Why do we need to assign an empty vector for the output before for looping?-CodePudding

I'm trying to use "for loop" to write a function extracting the data of one column from 2 csv.files, and work out the mean of these data. I'm wondering why the output of for loop need to be assigned as a empty vector c() to make the function work? I printed the sub-output for "foor loop" tring to figure out the reason. when I tried to exclude means<-c(), I got unexpected 1,2,3,4,5,6 for "means" from each time of loop. Could anyone kindly do a explanation for my confusion? Thank you very much.

pollutantmean <- function(directory, pollutant, id = 1:332) {
            
            means<-c()
            for(monitor in id){
                    path <- paste(getwd(), "/", directory, "/", sprintf("d", monitor), ".csv", sep = "")
                    monitor_data <- read.csv(path)
                    interested_data <- monitor_data[pollutant]
                    means <- c(means, interested_data[!is.na(interested_data)])
                    print(monitor_data)
                    print(means)
                    print(interested_data)
                     }
            
            mean(means)
    }
pollutantmean("specdata", "sulfate", 1:2)

correct output with assigning means<-c()

wrong output without means<-c() before "for loop"

I think I found the essence of the qusetion which is I don't understand the logic behind:

> x=c(x,1)
> x
>[1] 9 1
> x=c()
> x=c(x,1)
> x
>[1] 1

It can represent one of the for loop, like the first round of the loop. I'm confused about how the value of x being assigned during each process for the upper two runs, why the first one gives the output of 9,1 but the second one gives the expected result? is anyone able to explain the what happens behind those two runs? Really grateful if anyone could answer it.

CodePudding user response：

In the case that doesn't work, you still have the line

means <- c(means, interested_data[!is.na(interested_data)])

that refers to means on the right hand side. If you didn't set means <- c(), then you'll get different results depending on whatever happened to be stored in that variable before executing this code. If there's no such variable, you'll get an error.

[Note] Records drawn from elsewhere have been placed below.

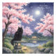 The deep indigo sky creates a dramatic contrast with the glowing pink Sakura petals falling like snow. This piece perfectly captures the "Zen" mystery of a moonlit spring night. It is a sophisticated choice for those who love mystical cat art, Japanese aesthetics, and calming home decor. A wonderful gift for black cat owners or anyone who finds peace in the magic of the night.
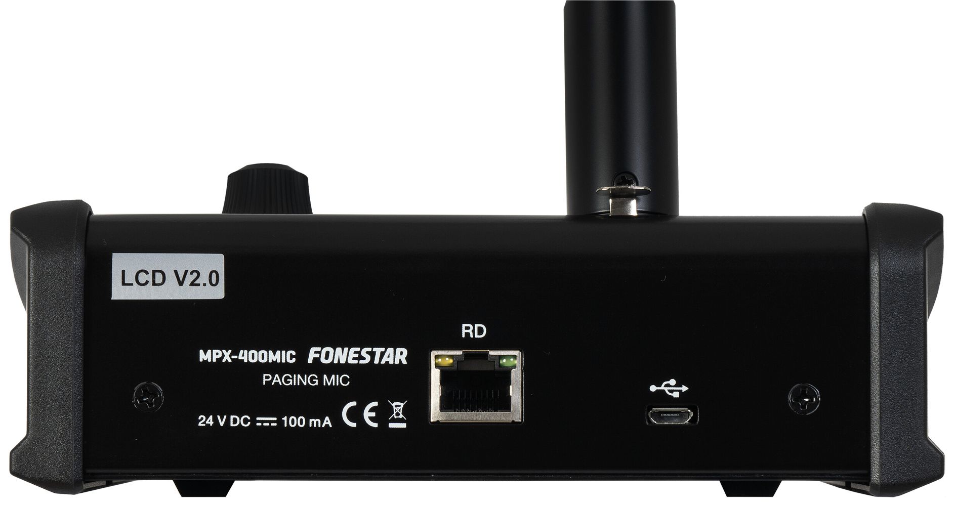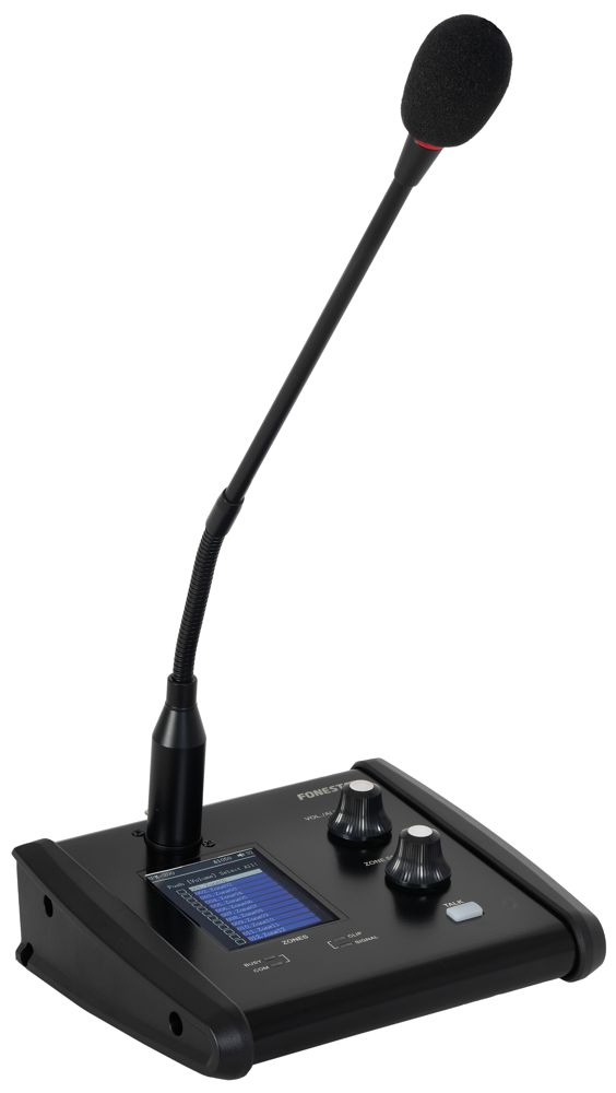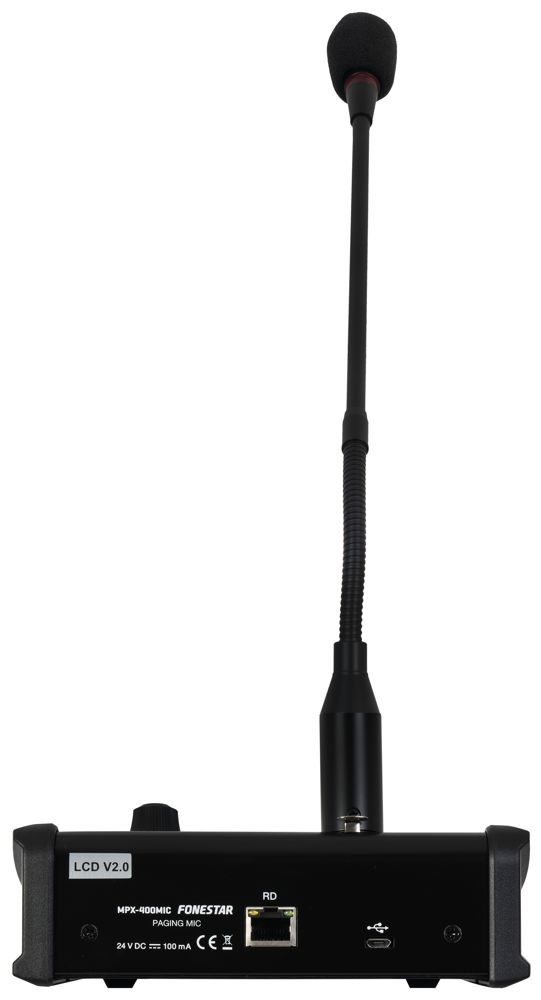 MPX-400MIC is a microphone with zone selector for voice output and musical warning tones for audio matrix mod. MPX-4088.
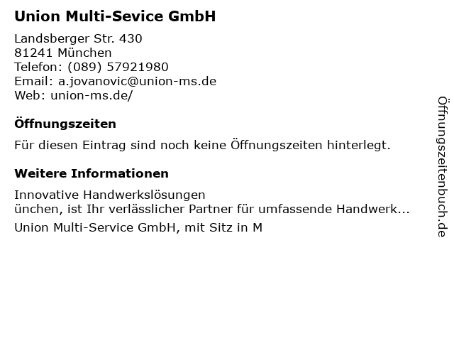 | Öffnungszeiten Union Multi-Sevice GmbH in München anzeigen | |
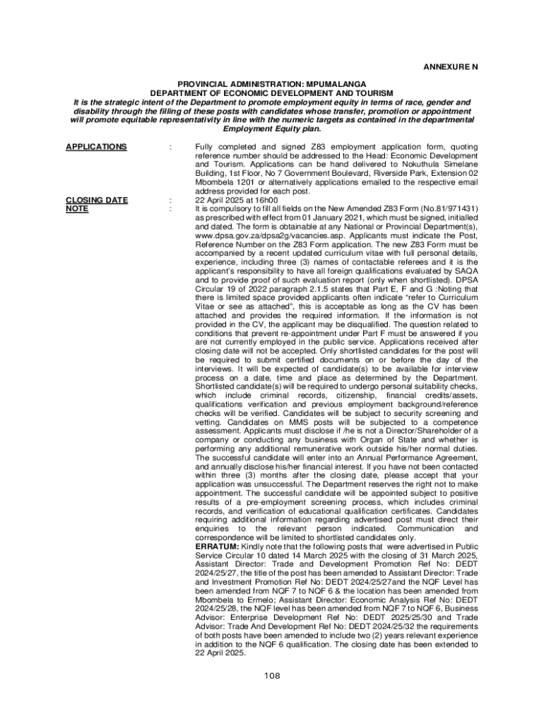 The Z83 Employment Application Form is a crucial document designed for individuals seeking employment within the Mpumalanga Provincial Administration. This form facilitates the application process for various roles, including positions related to economic development and tourism.

By the way, this isn't a great way to write R code, even with the means <- c() line. The problem is that every time you execute the line above you need to make a slightly longer vector to hold means. In your case you don't know how many values you'll be adding, so it's excusable, but in the more common case where you will always be adding one more entry, it's a lot more efficient to set up the result vector to the right length in advance and assign values using something like

means[i] <- newValue